*ACTIVITY*.
Only the lines from the "We Bare Bears" line through the last line of the material below belong in the answer, reproduced exactly and with no pictures.

*DATA*.
-.-.-

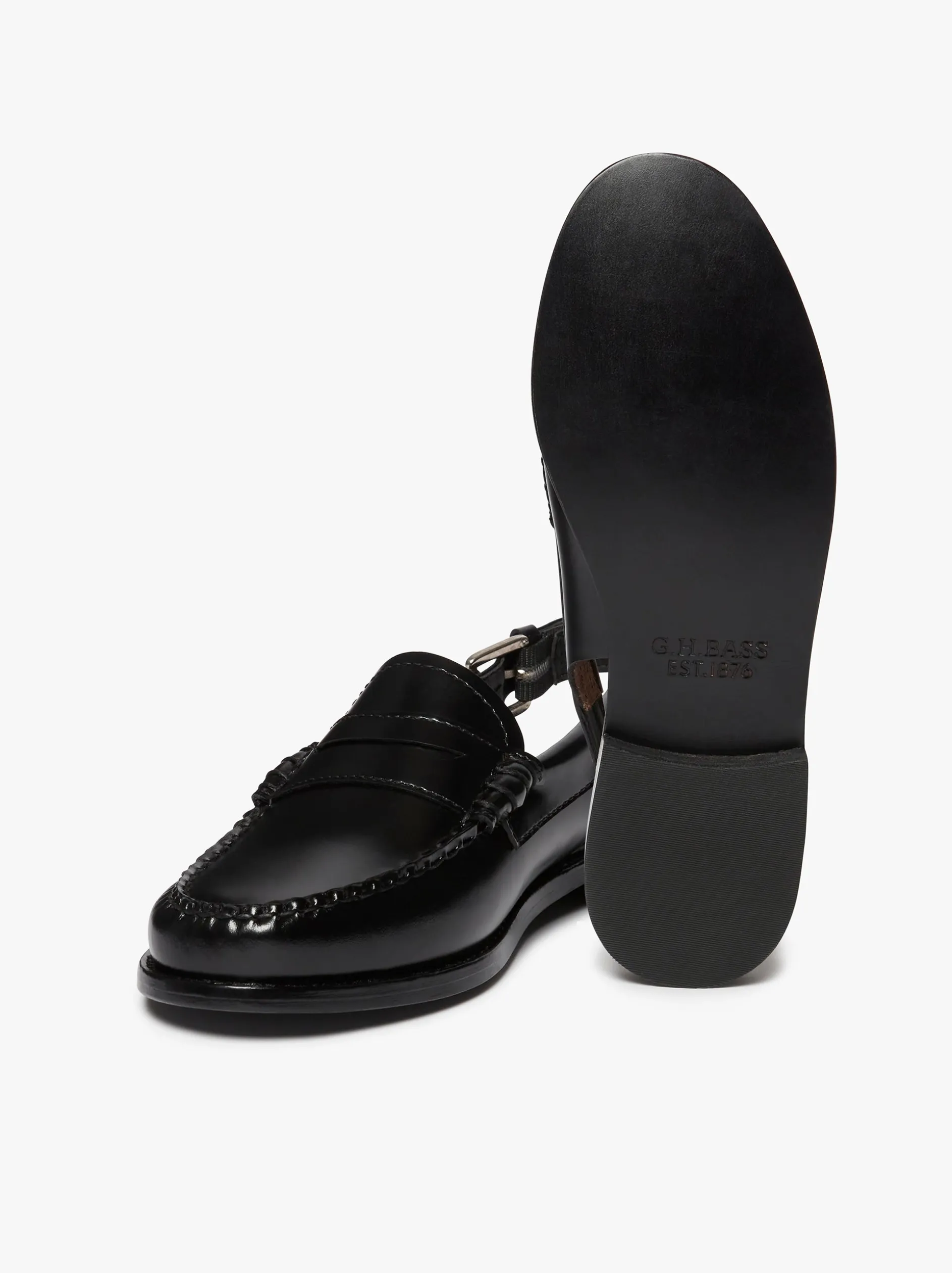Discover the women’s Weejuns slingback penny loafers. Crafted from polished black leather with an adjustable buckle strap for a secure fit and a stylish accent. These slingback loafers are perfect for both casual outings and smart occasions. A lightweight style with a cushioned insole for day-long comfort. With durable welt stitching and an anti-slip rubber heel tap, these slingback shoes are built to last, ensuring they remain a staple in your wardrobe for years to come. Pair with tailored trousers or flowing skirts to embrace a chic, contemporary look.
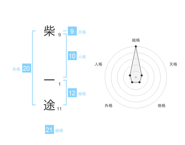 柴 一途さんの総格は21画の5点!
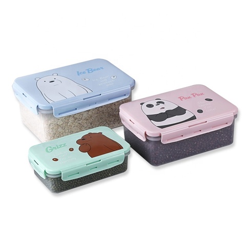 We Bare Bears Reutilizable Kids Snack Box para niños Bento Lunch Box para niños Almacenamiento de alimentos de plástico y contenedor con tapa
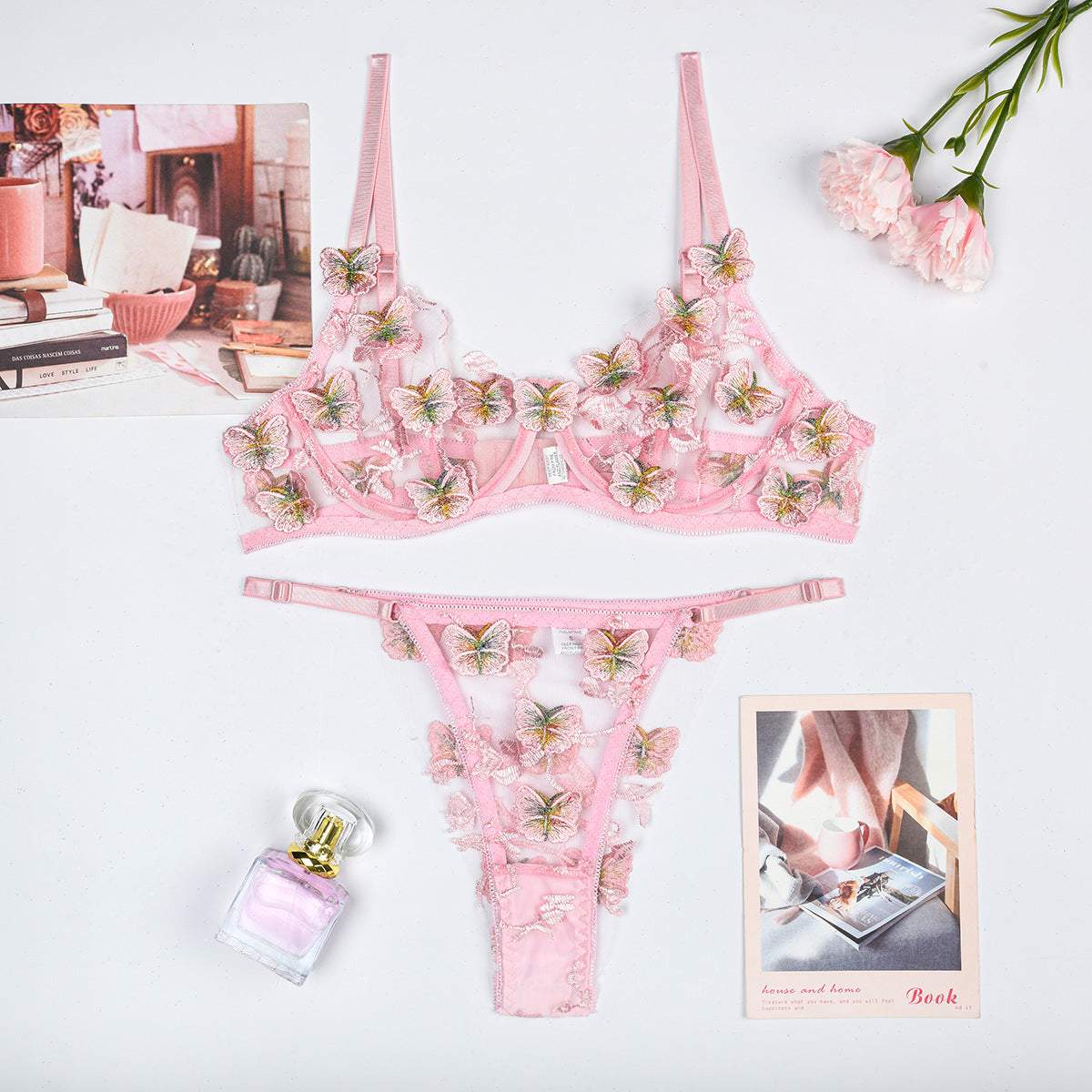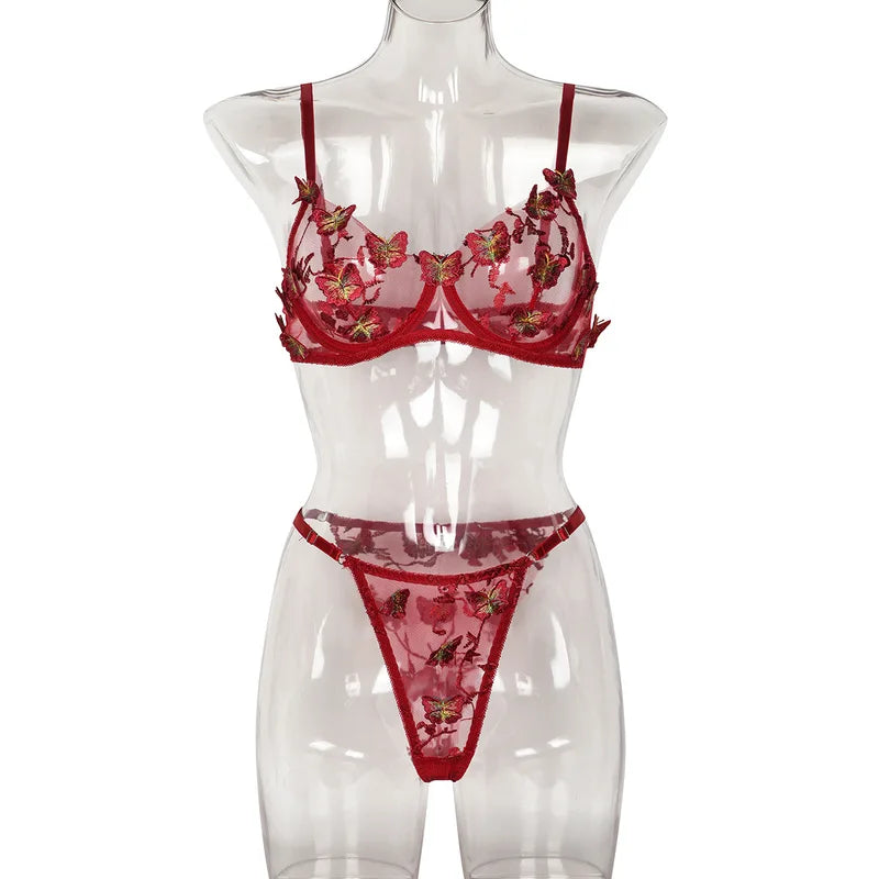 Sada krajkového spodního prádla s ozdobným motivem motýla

-.-.-

*RESPONSE TO THE EXERCISE*.
 We Bare Bears Reutilizable Kids Snack Box para niños Bento Lunch Box para niños Almacenamiento de alimentos de plástico y contenedor con tapa
 Sada krajkového spodního prádla s ozdobným motivem motýla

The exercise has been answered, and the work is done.